The sentencing of Faezeh Hashemi Rafsanjani, a former member of parliament turned political activist, was the latest move to stamp out potential dissent ahead of elections in March, the report said.


I remember meeting Ms Hashemi in 2000 several months before the Sydney Olympics. She and a colleague were sitting at the back of the audience of an international sports and human rights conference held in Bondi.


They stood out there because they were covered from head to foot in black chadors.


I waited that whole day to interview her for WIN (Women's International Net Magazine), for whom I was Australian correspondent, believing she would have an interesting story to tell.


At the time she was the member for Parliament for Tehran, having received 800,000 votes in 1996. She had also founded the women's newspaper, Zan.


"(My father's) fame and also his name somehow was influential," Ms Hashemi told me at the time. "(But) I personally was well known because of my previous social activities, especially for focussing on women's issues, youth, and also on sport. Most people know me well from this."
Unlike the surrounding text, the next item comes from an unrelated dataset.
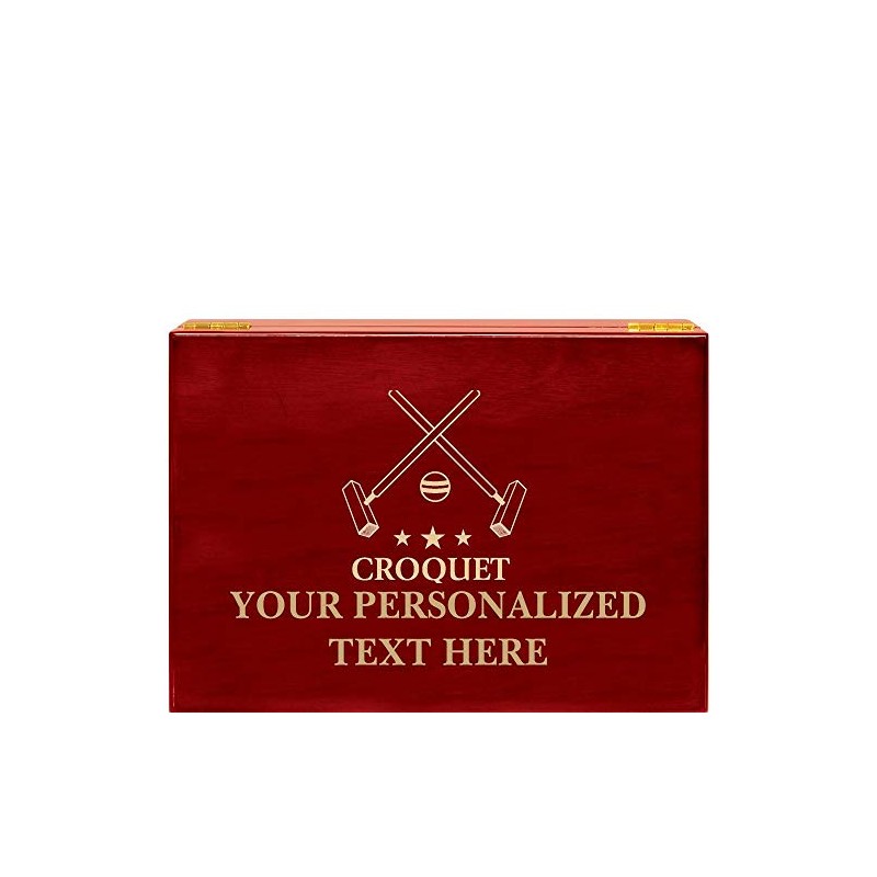 Crown Awards Croquet Rosewood Humidor Gift, Customize with Your Own Text Engraving
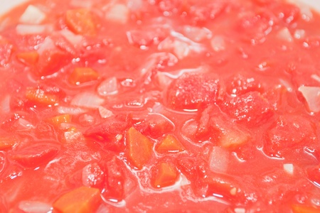 Diced tomatos mixed with onion and carrots in a pot

She was then the Vice Chairperson of the Iranian National Olympic Committee and Chairperson of the Council for Female Sports of the Islamic Countries and during our interview I learnt she had spent many years pushing for Muslim women to become more involved in sport, both in her native Iran and outside.


She was here in Sydney partly to convince the International Olympic Committee (IOC) organisers to allow Islamic dress during competition, in order to pave the way for Muslim women's participation in the 2000 Olympics.


She believed the role of sport in Muslim women's lives was not just a matter of personal choice but a fundamental human right.


And for this reason she had been lobbying the International Olympic Committee (IOC) to respect the dress codes of Islamic society.